Ainda sob os holofotes da música pop no projeto Magnetic Man, Benga surge com duas faixas no Kapsize, selo de Joker que opera sob o olhar estratégico de Pinch.
da Redação do Tranquera
Depois de Rustie, Ginz e L-Wiz, o Kapsize investe no Dubstep Rave de Benga. Uma manobra inesperada, se considerarmos a evolução que o catálogo estava tomando em direção à mistura progressiva e inovadora entre Grime, Street Bass, Purple Bass e Wonky Step com timbres de Hip Hop e Urban Music em geral.

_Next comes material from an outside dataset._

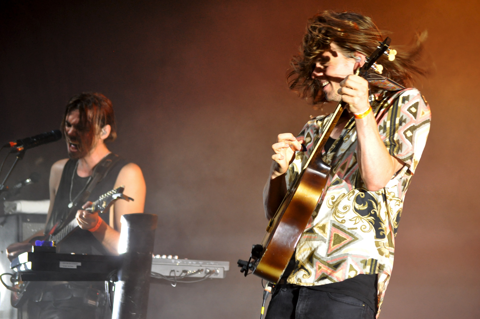 Soleil de plomb et belle ambiance à la Grande Scène pour le concert de Wolfmother, alors qu’une partie de la foule compacte se déhanche en plein cagnard. Le trio australien en est bien conscient. Riff sur riff, ils balancent leur rock énergique et brut très British. Leur son sec te prend aux tripes : ça gigote dans ton corps et tu te sens posséder petit à petit par le démon du rock. Ça vibre aussi à l’intérieur du corps du bassiste-claviériste qui ne tient pas en place, il transpire chaque note en tabassant son clavier. Derrière, le batteur envoie la patate, tandis qu’au premier plan, Andrew Stockdale, le chanteur-guitariste chevelu attire tous les regards, avec son timbre de voix haut-perché (“Victorious”) et ses riffs sulfureux (“How Many Times”). On adore.

Synths barulhentos para grandes festivais
Benga “Faithless”
Com bumbo pulsante, “Faithless” traz synths barulhentos e blocos de loops percussivos que você já ouviu em Diary Of An Afro Warrior, álbum debut do artista pelo Tempa. Funciona? Claro que sim! É som para grandes festivais.
Hardcore, Trance e Rock para lotar estádios
Benga “Acid Lie”
Benga sabe como ninguém o que é a realidade sonora do mainstream. Hardcore, Trance e Rock para lotar estádios: essa parece ser a referência direta em “Acid Lie”, um combo musculoso que segue a mesma fórmula da faixa acima.


20.07.11
Boa parte das produções do Benga eu não consigo ouvir por mais de uma semana.
20.07.11
Embora a “Walkin’ Bass” (2004) dele possa ser considerada uma faixa histórica… Não parece que o Benga esteja lançando boa música no momento mesmo… O Diary Of An Afro Warrior foi importante quando saiu… Mas perdeu força com o tempo… Surgiram muitos imitadores… Alguém mais compartilha essa sensação? Seria a influência da música pop ou do Magnetic Man?
20.07.11
Na verdade o som dele hoje é do mesmo Benga de sempre. Para mim continua o mesmo do Diary Of An Afro Warrior. A impressão dele não estar lançando musica boa, é da linha de som dele estar cansada. Já “Walkin’ Bass” nunca pareceu tão atual como agora. Se não soubesse que era de 2004, falaria fácil fácil que era desse ano.